В зонах конфликтов люди, которые имеют определенные способности или дипломы, уезжают при первой возможности из страны.
Что касается Сомали, там, помимо военного травматизма, остро стоит проблема плохого питания. Малолетние дети без достаточного питания не имеют надлежащего умственного развития. Когда я приехал в лагерь беженцев в al-DarbDiya, голод свирепствовал уже на Африканском Роге: в лагерь прибывали ежедневно, по крайней мере, тысяча человек. Очевидно, что дети буквально умирали от голода. Когда вам только два-три года, и ваш мозг находится в фазе развития, плохое питание может спровоцировать необратимые нарушения.
– И ONG (общественные неправительственные организации) не в состоянии сегодня предоставить необходимую помощь?
– Нет. На данный момент уже можно пересчитать по пальцам организации, занимающиеся выделением средств под подобные нужды, возможно только «Врачи без границ». Но и они могут действовать только в случаях срочной необходимости, первой неотложной помощи, а не на протяжении длительного периода. Это исключительно сложно. Вы можете бороться с малярией, устраняя носителя инфекции, комаров, госпитализируя больных и предоставляя им лечение. В этом случае вы получаете быстро впечатляющий результат, что побуждает людей делать пожертвования. Но лечение душевнобольных это совершенно другая вещь. Речь уже идет о длительной работе, когда невозможно иметь быстрых и показательных результатов. Вы не можете им дать лекарства, надеясь, что они поправятся через несколько недель.
– Мы видим на Ваших фотографиях, что некоторые семьи подают жалобу на знахарей. Им удается добиться результатов?

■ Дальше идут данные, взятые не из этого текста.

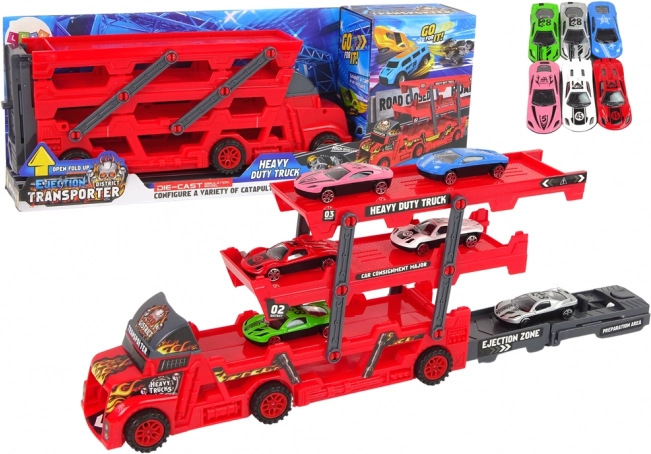 Der Spieler kann mit diesem LKW nicht nur kleine Autos auf drei beweglichen Ebenen transportieren, sondern auch eine eingebaute Abschussvorrichtung für dynamisches Spiel nutzen. Der zusätzliche Raum unter der Kabine ermöglicht es, die Autos mit hoher Geschwindigkeit abzuschießen, was dem kleinen Fahrer viel Spaß garantiert. Daher ist es ideal für das individuelle Spiel sowie für die gemeinsame Interaktion mit Eltern oder Gleichaltrigen.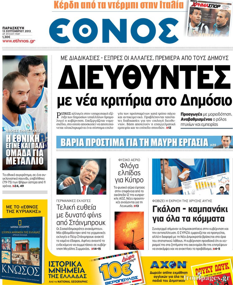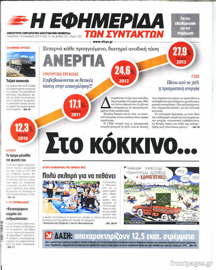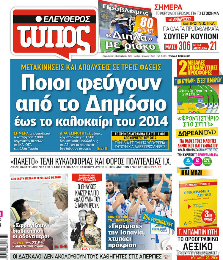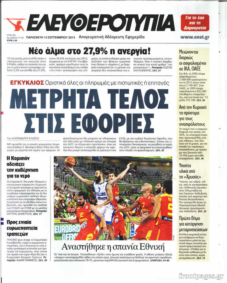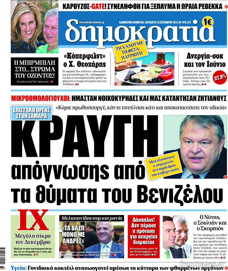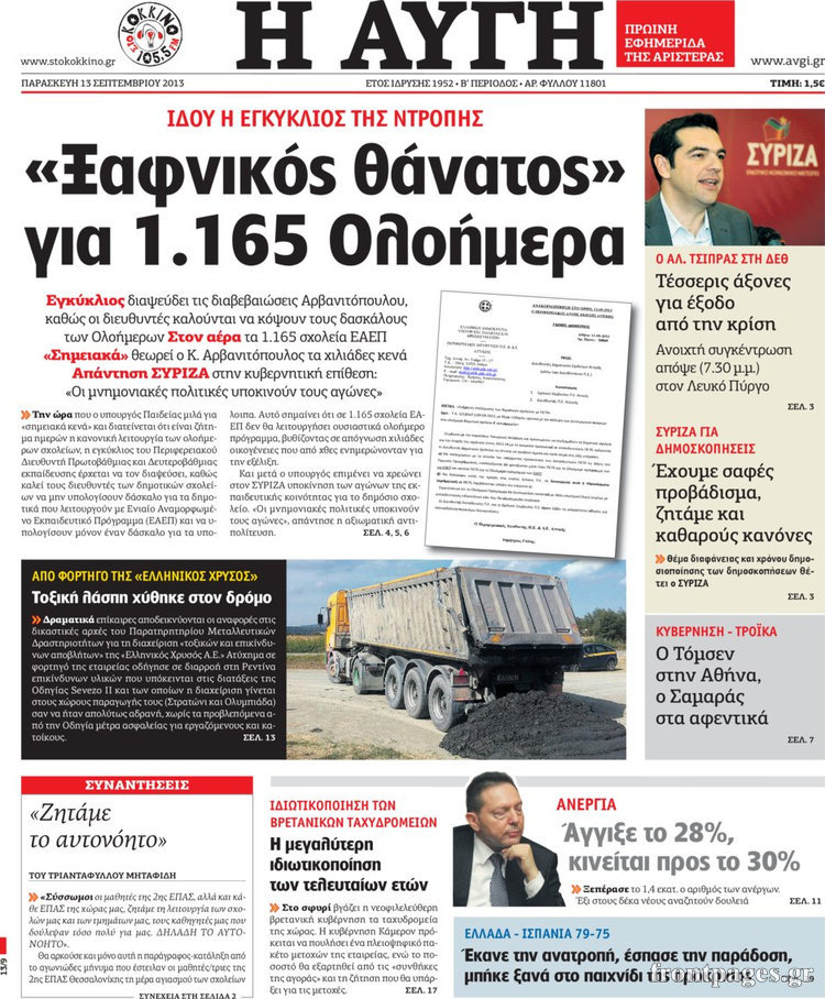 Οι πολιτικές εφημερίδες Enikos Newsroom 08:29, Παρασκευή 13 Σεπτεμβρίου 2013 Media Οι πολιτικές εφημερίδες Διαβάστε τα πρωτοσέλιδα των πολιτικών εφημερίδων. ΕΦΗΜΕΡΙΔΕΣ ΠΟΛΙΤΙΚΕΣ ΕΦΗΜΕΡΙΔΕΣ ΠΡΩΤΟΣΕΛΙΔΑ Μοιράσου το: σχολίασε κι εσύ (0 σχόλια) Ακολουθήστε το enikos.gr στο Google News και μάθετε πρώτοι όλες τις ειδήσεις Δείτε όλες τις τελευταίες ειδήσεις από την Ελλάδα και τον Κόσμο στο enikos.gr Ειδήσεις Ροή Ειδήσεων 24 λεπτά πριν Αγρότες: Γιορτές στα μπλόκα με ανοιχτά διόδια – Δικογραφία στα Ιωάννινα για το σήκωμα των μπαρών 1 ώρα πριν ΕΛΑΣ: Συνελήφθησαν Υπαρχιπυροσβέστης και δύο ακόμη άτομα για κατοχή και διακίνηση ναρκωτικών ουσιών – Η καταγγελία και ο τιμοκατάλογος 4 ώρες πριν Αρχεία Έπσταϊν: Οι συγκλονιστικές φωτογραφίες – Ο Μάικλ Τζάκσον, ο Μικ Τζάγκερ και ο Κέβιν Σπέισι ανάμεσα στους διάσημους που απεικονίζονται 2 ώρες πριν Μαθητές διακινούσαν κοκαΐνη και χασίς σε σχολείο της Αττικής – 12 συλλήψεις 2 ώρες πριν Βέλγιο: Άγνωστοι έριξαν κόκκινη μπογιά στο προξενείο της Πολωνίας στις Βρυξέλλες 36 λεπτά πριν Η τύχη χαμογελά σε 3 ζώδια έως τις 28 Δεκεμβρίου – «Προσέξτε τις επιλογές σας και η επιμονή σας θα ανταμειφθεί» 5 ώρες πριν Διαιτολόγος αποκαλύπτει 9 πρωινές συνήθειες που «λιώνουν» το κοιλιακό λίπος – «Υποστηρίζουν την υγιεινή απώλεια βάρους» 6 ώρες πριν Οι 7 φράσεις που δεν λένε ποτέ οι συναισθηματικά έξυπνοι άνθρωποι κατά τη διάρκεια ενός καβγά 8 ώρες πριν Enerwave: Το νέο «ρεύμα» στη λιανική ενέργειας που αλλάζει την εμπειρία του καταναλωτή 34 δευτερόλεπτα πριν Πώς δρούσε το κύκλωμα που διακινούσε ναρκωτικά σε σχολεία – Υπέβαλαν σε βασανιστήρια όσους δεν τηρούσαν τους «κανόνες πειθαρχίας» 6 λεπτά πριν Φάμελλος: «Η πρόταση για τις εκλογές έχει να κάνει με το συμφέρον της χώρας» 18 λεπτά πριν Παναθηναϊκός: Στο… «μικροσκόπιο» ο Γένσεν της Μπρέντφορντ 24 λεπτά πριν Αγρότες: Γιορτές στα μπλόκα με ανοιχτά διόδια – Δικογραφία στα Ιωάννινα για το σήκωμα των μπαρών 28 λεπτά πριν Νίκος Γιαννόπουλος: «Όποιος με χαρακτηρίζει δημοσίως μέθυσο, προκλητικό ή οτιδήποτε άλλο θα κληθεί στις δικαστικές αίθουσες» ENIKOS NETWORK Η αποχή από την αναπαραγωγή παρατείνει τη ζωή στα ζώα, σύμφωνα με μελέτη – Τι ισχύει για τους ανθρώπους; Σημαντικές επαφές στις ΗΠΑ είχε ο υπουργός Υγείας Άδωνις Γεωργιάδης Τέλη κυκλοφορίας 2026: Προσοχή στην προθεσμία εξόφλησής τους – Πώς διαμορφώνονται τα πρόστιμα σε περίπτωση καθυστέρησης Επιτροπή Ανταγωνισμού: Στο μικροσκόπιο σχολικές τσάντες και επώνυμα brands – Τι ερευνάται Χαρτογραφώντας το «σημείο χωρίς επιστροφή»: Για πρώτη φορά αποκαλύπτεται με λεπτομέρεια το ακανθώδες όριο της ατμόσφαιρας τ... Η Google καταργεί τη λειτουργία «dark web report» – Πώς θα μπορούν οι χρήστες να διαγράφουν τα δεδομένα τους περισσότερα 14:04 , Σάββατο 20 Δεκεμβρίου 2025 Η Realnews αυτής της Κυριακής (21/12/2025) Με τίτλο: «Ασπίδα προστασίας για την Ελλάδα» κυκλοφορεί, αυτήν την Κυριακή, η Realnews. Σημαντ... 12:53 , Σάββατο 20 Δεκεμβρίου 2025 Να μ’ αγαπάς: Το παρελθόν έρχεται στο φως – Καταιγιστικές εξελίξεις στα τελευταία επεισόδια του 2025 Ο Άγγελος αποκαλύπτεται, η Φωτεινή ανησυχεί για τον Λευτέρη και η Ζωή έρχεται αντιμέτωπη με το... 11:41 , Σάββατο 20 Δεκεμβρίου 2025 «Η αγάπη δεν χάνεται ποτέ»: Η μικρού μήκους ταινία κινουμένων σχεδίων που θέτει ερωτήματα για τη ζωή και τον θάνατο Ο θάνατος είναι ένα από τα πιο σκληρά θέματα που καλείται να διαχειριστεί κάποιος στη διάρκεια... 09:30 , Σάββατο 20 Δεκεμβρίου 2025 «Porto Leone: Σ

– В основном, знахарь является единственной персоной, к которой больной может обратиться за советом. Не буду скрывать, что в начале проекта я имел очень негативное мнение на их счет. Тем не менее, приходится признать, что только знахари оказывают внимание душевнобольным и дают им хоть немного надежды. Но результат в реальности смешанный, двойственный, поскольку порой «исправление» хуже, чем болезнь. Я вспоминаю один город в Уганде, где больные были закрыты в подвале церкви в течение нескольких месяцев! И знахари-мусульмане читали для них в рупор строфы Корана. Надо сказать, что некоторое число проблем, которыми страдают местные жители, имеют духовный характер.
– Вы с самого начала решили использовать только черно-белый цвет?

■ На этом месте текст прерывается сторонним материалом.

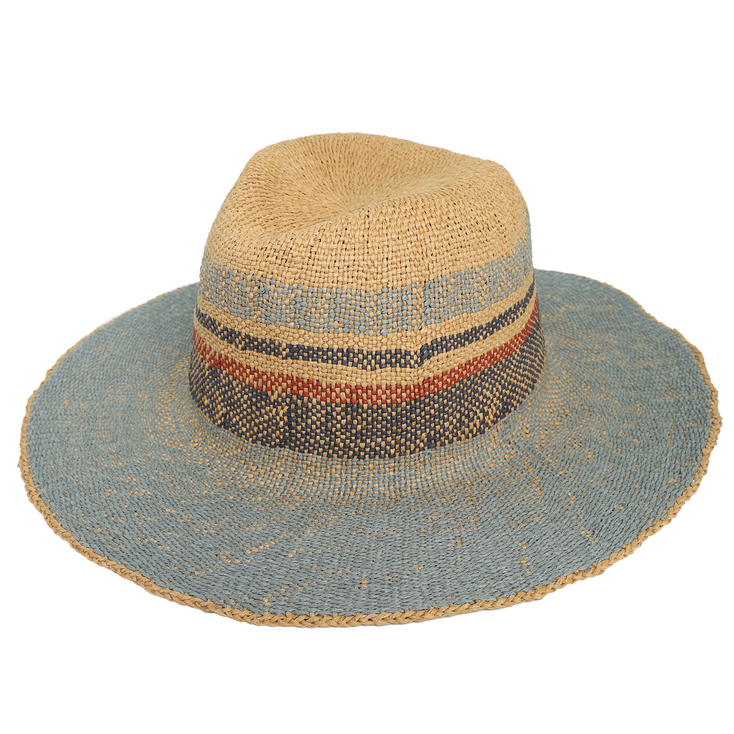 FLOPPY COLOR STRIPE WIDE BRIM STRAW WOVEN HIGH CROWN SUN HAT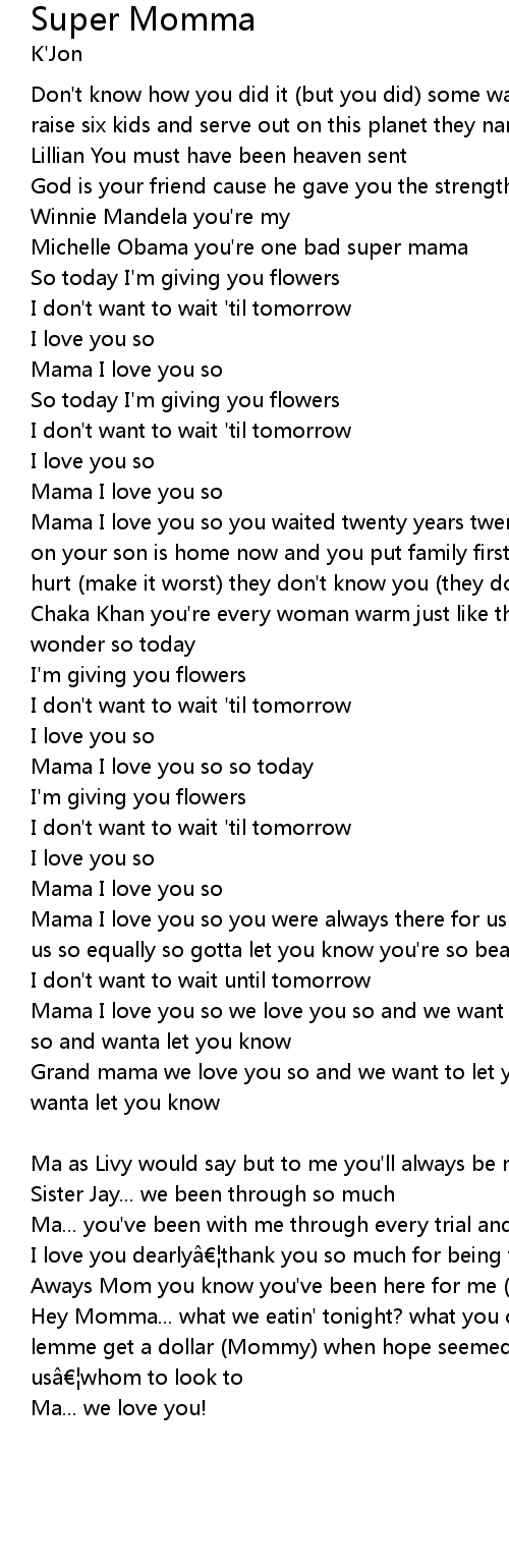 | Mama I love you so you were always there for us faithfully you love every one of us so equally so gotta let you know you' re so beautiful | |

– Не совсем. На самом деле, это была своего рода ответная реакция на мои предшествующие репортажи, которые длились только два-три дня и которыми я часто оставался не доволен. Вы делаете несколько фотографии, портретов, вы используете определенный свет, и уже время уезжать. Я хотел вернуться к тому, почему я стал фотожурналистом. Когда я закончил школу, моей моделью, моим примером был Юджин Смит, и я хотел всегда ориентироваться в моей работе в этом направлении. Впервые с тех пор, как я стал фотографом, я оставил дома практически все мое оборудование. Я имел при себе только камеру Canonи два небольших объектива. И я даже отказался от использования вспышки. Более легкая сумка сделала меня более свободным и мобильным, то, что порой действительно необходимо в таких опасных местах, как Сомали.
– Как происходит отбор фотографий?
– Я их делаю тысячи, около сотни посылаю Жану-Франсуа Лерой, директору фестиваля Visapourl'Image. Он оставляет лишь 40 из них, и потом мы вместе обсуждаем, что следует выставить.